## The Machine Learning Landscape

Machine Learning (ML) is the science (and art) of programming computers so they can learn from data. It is defined as the field of study that gives computers the ability to learn without being explicitly programmed. A more engineering-oriented definition states: a computer program is said to learn from **experience E** with respect to some **task T** and some **performance measure P**, if its performance on T, as measured by P, improves with experience E.

The system learns from a **training set**, composed of **training instances** (or samples). For a spam filter, the task T is to flag spam, the experience E is the training data, and P could be **accuracy** (ratio of correctly classified emails).

---

## Why Use Machine Learning?

ML is valuable because it can solve problems too complex for traditional programming, adapt to **fluctuating environments**, and provide **insights** through **data mining**.

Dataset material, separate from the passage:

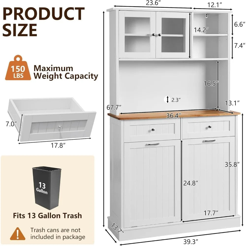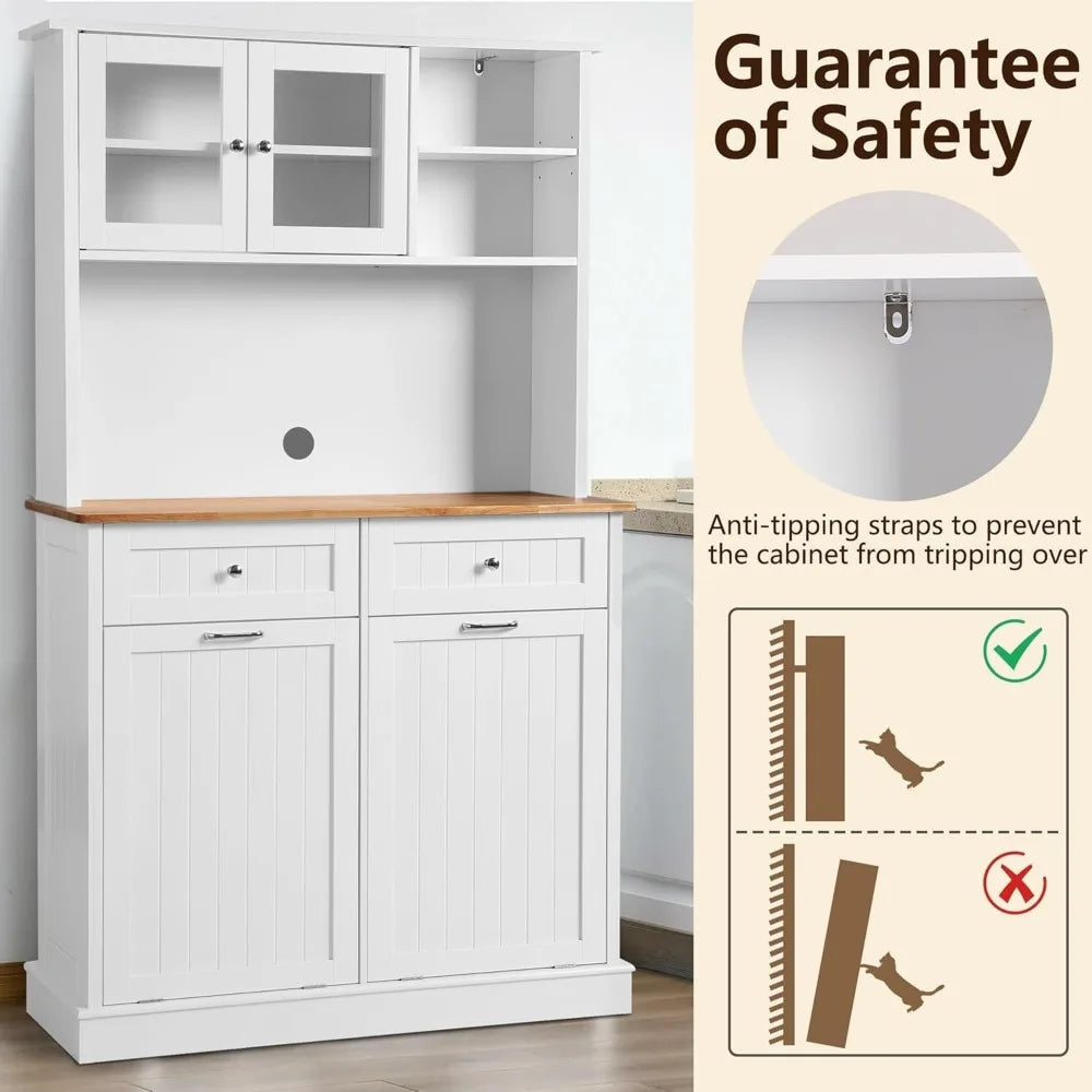 Designed with **durability and convenience in mind**, this **wooden pantry cabinet** includes **multiple enclosed cabinets, a spacious countertop, and smooth-glide drawers** for effortless storage. Use it as a **microwave stand, a coffee station, or a sideboard buffet** to keep your kitchen neat and organized. The **tilt-out trash cabinet** discreetly hides waste while maintaining a clean look.

1.  **Simplifying and Improving Code**: ML automatically learns patterns, making programs shorter, easier to maintain, and often more accurate than traditional rule-based approaches.
    * Figure 1.1: [Insert Image Here]
        *Figure 1-1. The traditional approach*
    * Figure 1.2: [Insert Image Here]
        *Figure 1-2. The Machine Learning approach*
2.  **Automatic Adaptation**: An ML system automatically notices new patterns (e.g., spammers changing "4U" to "For U") and adapts without manual updates.
    * Figure 1.3: [Insert Image Here]
        *Figure 1-3. Automatically adapting to change*
3.  **Complex Problems**: ML is essential for problems with no known algorithm, such as large-scale speech recognition.
4.  **Helping Humans Learn (Data Mining)**: Inspecting a trained ML model (like a spam filter) can reveal unsuspected correlations or trends, leading to a better understanding of the problem-a process called **data mining**.
    * Figure 1.4: [Insert Image Here]
        *Figure 1-4. Machine Learning can help humans learn*

---

## Examples of Applications

| ML Task | Goal | Technique(s) |
| :--- | :--- | :--- |
| **Image classification** | Classifying products on a production line | Convolutional Neural Networks (CNNs) |
| **Semantic segmentation** | Detecting tumors in brain scans (pixel classification) | CNNs |
| **Text classification (NLP)** | Classifying news articles or flagging offensive comments | Recurrent Neural Networks (RNNs), CNNs, or Transformers |
| **Text summarization (NLP)** | Summarizing long documents | RNNs, CNNs, or Transformers |
| **Chatbots/Assistants** | Creating conversational agents | Natural Language Understanding (NLU) and question-answering |
| **Regression** | Forecasting company revenue | Linear/Polynomial Regression, regression SVM, Random Forest, ANNs; RNNs, CNNs, or Transformers for sequences |
| **Speech recognition** | Making an app react to voice commands | RNNs, CNNs, or Transformers (for audio samples) |
| **Anomaly detection** | Detecting credit card fraud | One-class SVM, Isolation Forest |
| **Clustering** | Segmenting clients based on purchases | K-Means, DBSCAN, Hierarchical Cluster Analysis (HCA) |
| **Visualization/Dimensionality Reduction** | Representing high-dimensional data clearly | PCA, Kernel PCA, LLE, t-SNE |
| **Recommender system** | Recommending products based on past purchases | Artificial Neural Networks (ANNs) |
| **Intelligent game bot** | Building an AI bot for a game (e.g., AlphaGo) | Reinforcement Learning (RL) |

---

## Types of Machine Learning Systems

ML systems are categorized by:
1.  **Supervision**: Supervised, unsupervised, semisupervised, and Reinforcement Learning.
2.  **Incremental Learning**: Online versus batch learning.
3.  **Generalization Method**: Instance-based versus model-based learning.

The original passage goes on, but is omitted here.